:: What to do ::
Copy all data exactly. Skip pictures.

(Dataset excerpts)
★ ★ ★ ★

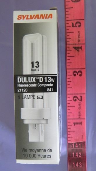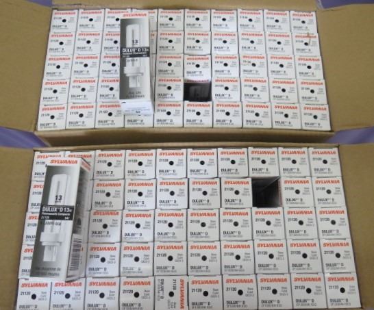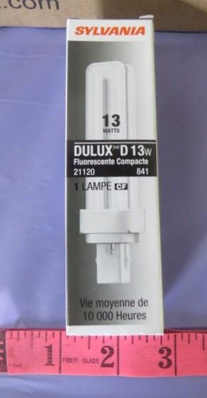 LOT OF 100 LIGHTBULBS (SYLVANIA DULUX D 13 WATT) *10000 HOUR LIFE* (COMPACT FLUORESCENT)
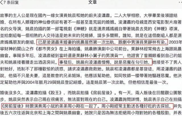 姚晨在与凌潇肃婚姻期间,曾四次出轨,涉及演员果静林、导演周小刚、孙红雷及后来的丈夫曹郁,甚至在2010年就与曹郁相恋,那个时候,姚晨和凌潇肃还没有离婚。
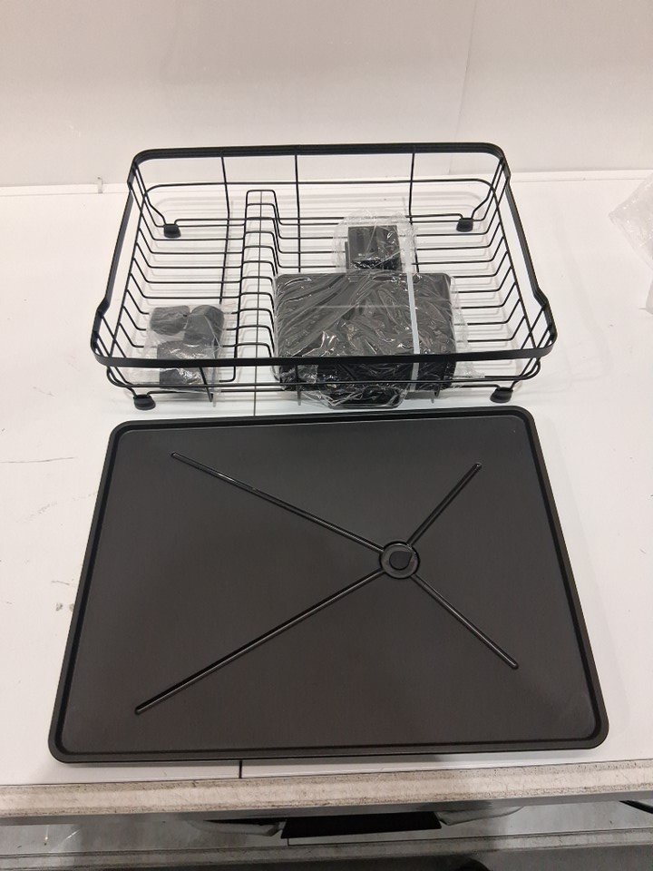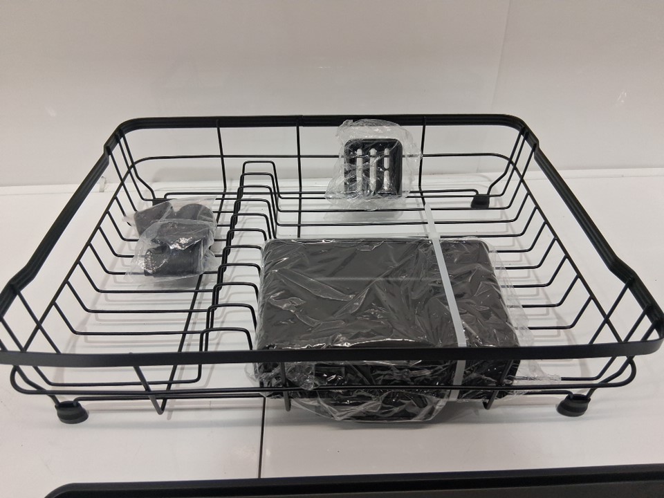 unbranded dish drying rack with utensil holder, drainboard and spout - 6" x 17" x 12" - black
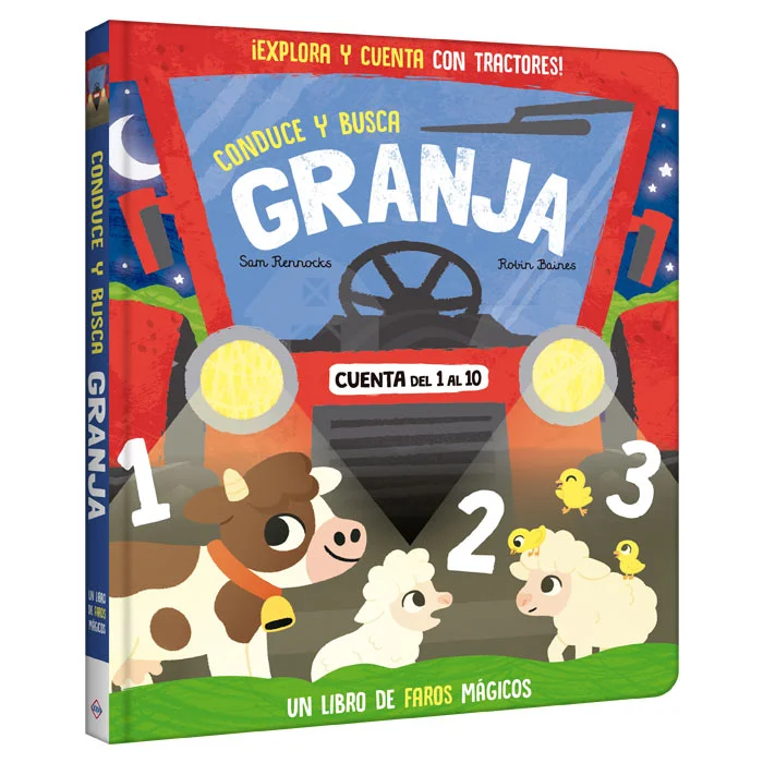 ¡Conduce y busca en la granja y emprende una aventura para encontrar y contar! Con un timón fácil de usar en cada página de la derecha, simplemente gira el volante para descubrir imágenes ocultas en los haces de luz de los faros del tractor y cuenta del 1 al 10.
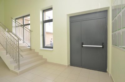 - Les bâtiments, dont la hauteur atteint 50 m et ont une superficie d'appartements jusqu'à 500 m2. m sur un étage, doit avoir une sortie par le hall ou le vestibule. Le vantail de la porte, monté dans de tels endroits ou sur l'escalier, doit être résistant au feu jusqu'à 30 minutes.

★ ★ ★ ★

:: The completed task ::
 LOT OF 100 LIGHTBULBS (SYLVANIA DULUX D 13 WATT) *10000 HOUR LIFE* (COMPACT FLUORESCENT)
 姚晨在与凌潇肃婚姻期间,曾四次出轨,涉及演员果静林、导演周小刚、孙红雷及后来的丈夫曹郁,甚至在2010年就与曹郁相恋,那个时候,姚晨和凌潇肃还没有离婚。
 unbranded dish drying rack with utensil holder, drainboard and spout - 6" x 17" x 12" - black
 ¡Conduce y busca en la granja y emprende una aventura para encontrar y contar! Con un timón fácil de usar en cada página de la derecha, simplemente gira el volante para descubrir imágenes ocultas en los haces de luz de los faros del tractor y cuenta del 1 al 10.
 - Les bâtiments, dont la hauteur atteint 50 m et ont une superficie d'appartements jusqu'à 500 m2. m sur un étage, doit avoir une sortie par le hall ou le vestibule. Le vantail de la porte, monté dans de tels endroits ou sur l'escalier, doit être résistant au feu jusqu'à 30 minutes.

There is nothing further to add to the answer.